Intel has launched fixes to shut out a high-severity flaw codenamed Reptar that impacts its desktop, cell, and server CPUs.
Tracked as CVE-2023-23583 (CVSS rating: 8.8), the problem has the potential to “permit escalation of privilege and/or info disclosure and/or denial of service through native entry.”
Profitable exploitation of the vulnerability might additionally allow a bypass of the CPU’s security boundaries, based on Google Cloud, describing it as a problem stemming from how redundant prefixes are interpreted by the processor.
“The affect of this vulnerability is demonstrated when exploited by an attacker in a multi-tenant virtualized atmosphere, because the exploit on a visitor machine causes the host machine to crash leading to a Denial of Service to different visitor machines working on the identical host,” Google Cloud’s Phil Venables mentioned.
“Moreover, the vulnerability might probably result in info disclosure or privilege escalation.”
Safety researcher Tavis Normandy, in a separate evaluation of Reptar, mentioned it may be abused to deprave the system state and pressure a machine-check exception.
Intel, as a part of November 2023 updates, has revealed up to date microcode for all affected processors.

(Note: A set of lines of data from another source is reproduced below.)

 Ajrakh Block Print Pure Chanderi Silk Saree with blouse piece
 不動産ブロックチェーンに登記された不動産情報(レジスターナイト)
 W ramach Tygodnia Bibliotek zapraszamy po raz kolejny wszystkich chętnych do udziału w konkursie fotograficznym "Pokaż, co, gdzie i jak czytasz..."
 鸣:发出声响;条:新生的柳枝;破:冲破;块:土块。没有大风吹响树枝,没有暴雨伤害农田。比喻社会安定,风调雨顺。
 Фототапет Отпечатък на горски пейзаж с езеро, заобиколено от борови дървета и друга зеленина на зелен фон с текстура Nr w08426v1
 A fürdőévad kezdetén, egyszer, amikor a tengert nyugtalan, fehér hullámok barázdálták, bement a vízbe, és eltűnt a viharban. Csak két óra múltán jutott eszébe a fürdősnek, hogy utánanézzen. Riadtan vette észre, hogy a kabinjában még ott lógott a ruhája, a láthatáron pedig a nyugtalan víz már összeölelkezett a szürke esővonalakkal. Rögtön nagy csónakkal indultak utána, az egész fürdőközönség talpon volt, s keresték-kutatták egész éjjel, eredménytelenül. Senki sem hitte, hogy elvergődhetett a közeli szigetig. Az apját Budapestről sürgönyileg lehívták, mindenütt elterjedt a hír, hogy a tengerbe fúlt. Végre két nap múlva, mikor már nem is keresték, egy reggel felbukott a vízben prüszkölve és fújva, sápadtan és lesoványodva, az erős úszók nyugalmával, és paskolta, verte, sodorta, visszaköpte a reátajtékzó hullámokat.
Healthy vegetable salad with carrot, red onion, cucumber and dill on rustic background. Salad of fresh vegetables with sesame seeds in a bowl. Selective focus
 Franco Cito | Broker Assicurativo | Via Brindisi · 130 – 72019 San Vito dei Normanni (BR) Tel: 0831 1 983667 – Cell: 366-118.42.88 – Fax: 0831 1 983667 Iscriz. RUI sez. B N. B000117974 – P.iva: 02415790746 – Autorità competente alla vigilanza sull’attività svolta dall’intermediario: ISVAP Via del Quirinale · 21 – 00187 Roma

The whole listing of Intel CPUs impacted by CVE-2023-23583 is offered right here. There isn’t a proof of any lively assaults utilizing this vulnerability.

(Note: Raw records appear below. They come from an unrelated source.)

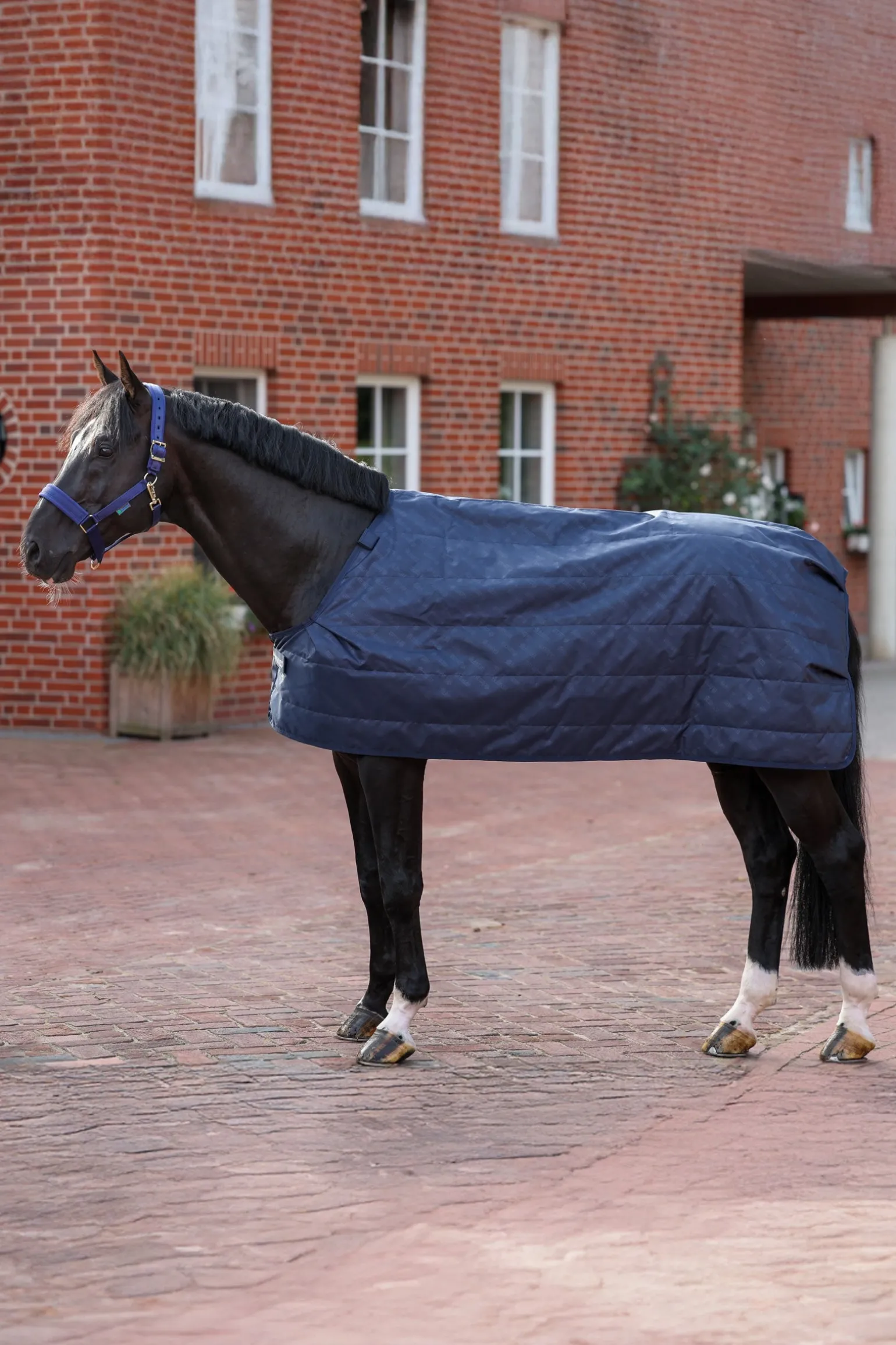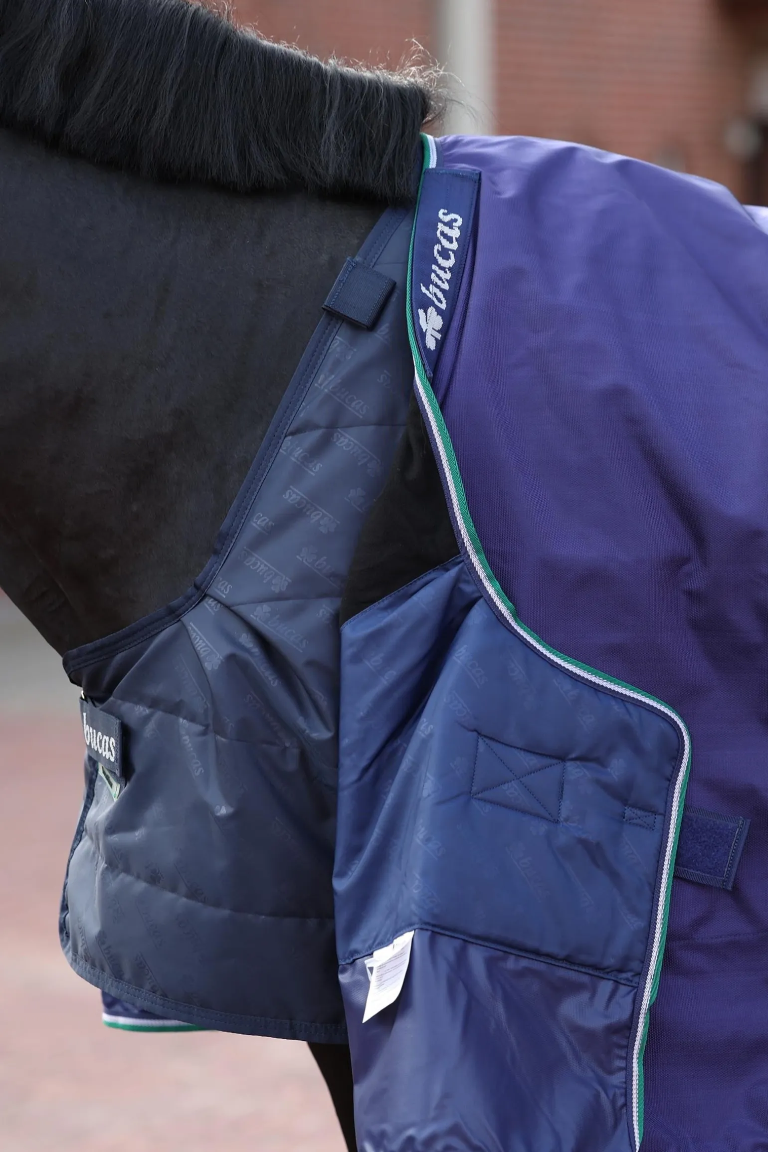 Der vordere Halsverschluss wird an den Halsbefestigungspunkten angebracht, und der hintere Klettverschluss wird an den hinteren D-Ringen Ihrer oberen Decke befestigt. Der seidige Polyester-Außenstoff verhindert, dass Einstreu an Ihrer Decke haften bleibt, während Schulterabnäher ausreichend Platz rund um die Schultern gewährleisten.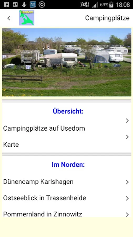- Overview of the campsites on Usedom and direct access to the campsites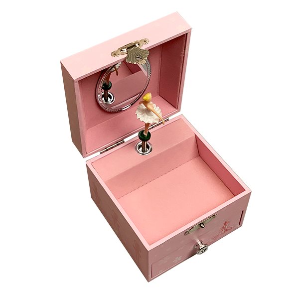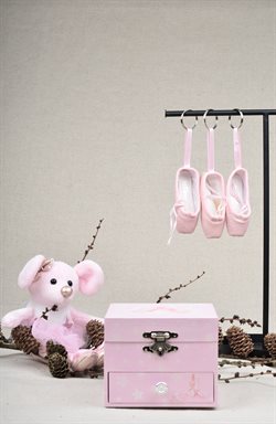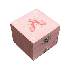 Smykkeskrin med spejl og lille skuffe fra franske Trousselier i sød rosa farve med balletsko.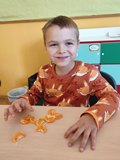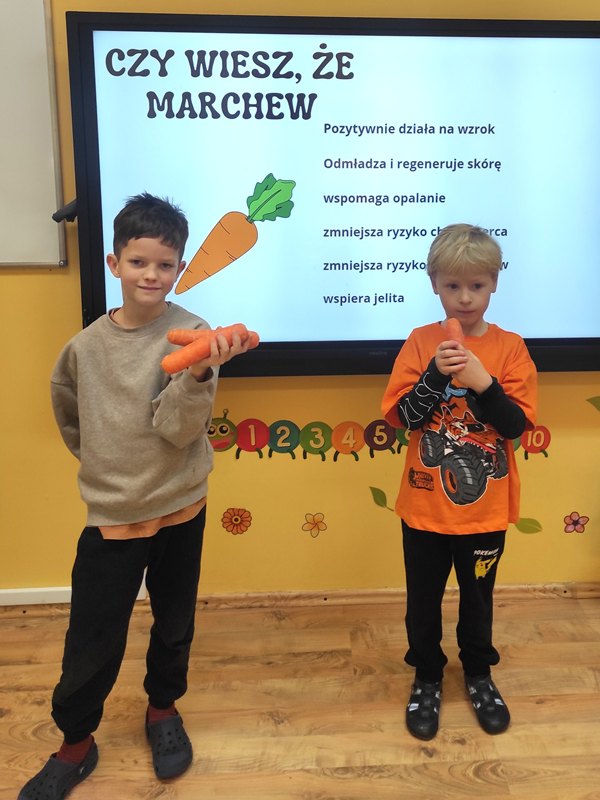 Dzieci poznały owoce i warzywa w tym kolorze oraz dowiedziały się, jakie zdrowotne właściwości ma marchewka — nasza bohaterka dnia. Nie zabrakło też nauki przez zabawę, ponieważ podczas zajęć matematycznych przedszkolaki przeliczały, dodawały i porównywały te dary natury bogate w witaminy i błonnik.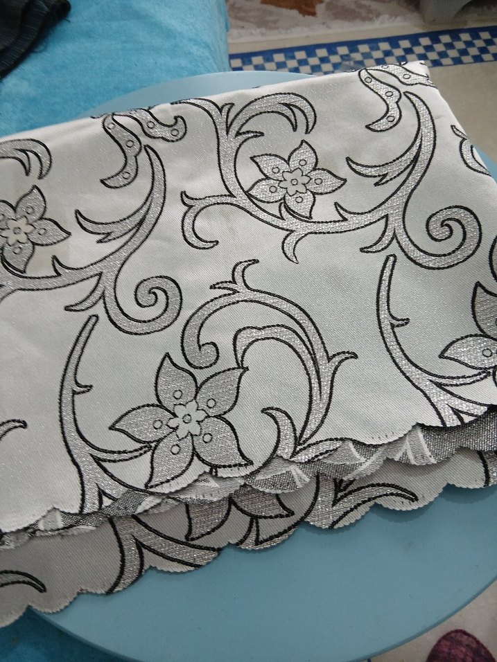 Gri  simli Nakışlı Beyaz Masa Örtüsü - Görsel 1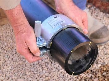 The Plastic Pipe Industry Association’s guideline for electrofusion installation includes a calculation that determines if pipe is excessively oval (left). If pipe exceeds a certain limit, re-rounding tools must be used (right).

“Intel doesn’t count on this challenge to be encountered by any non-malicious real-world software program,” the corporate mentioned in a steerage issued on November 14. “Malicious exploitation of this challenge requires execution of arbitrary code.”
The disclosure coincides with the discharge of patches for a security flaw in AMD processors referred to as CacheWarp (CVE-2023-20592) that lets malicious actors break into AMD SEV-protected VMs to escalate privileges and acquire distant code execution.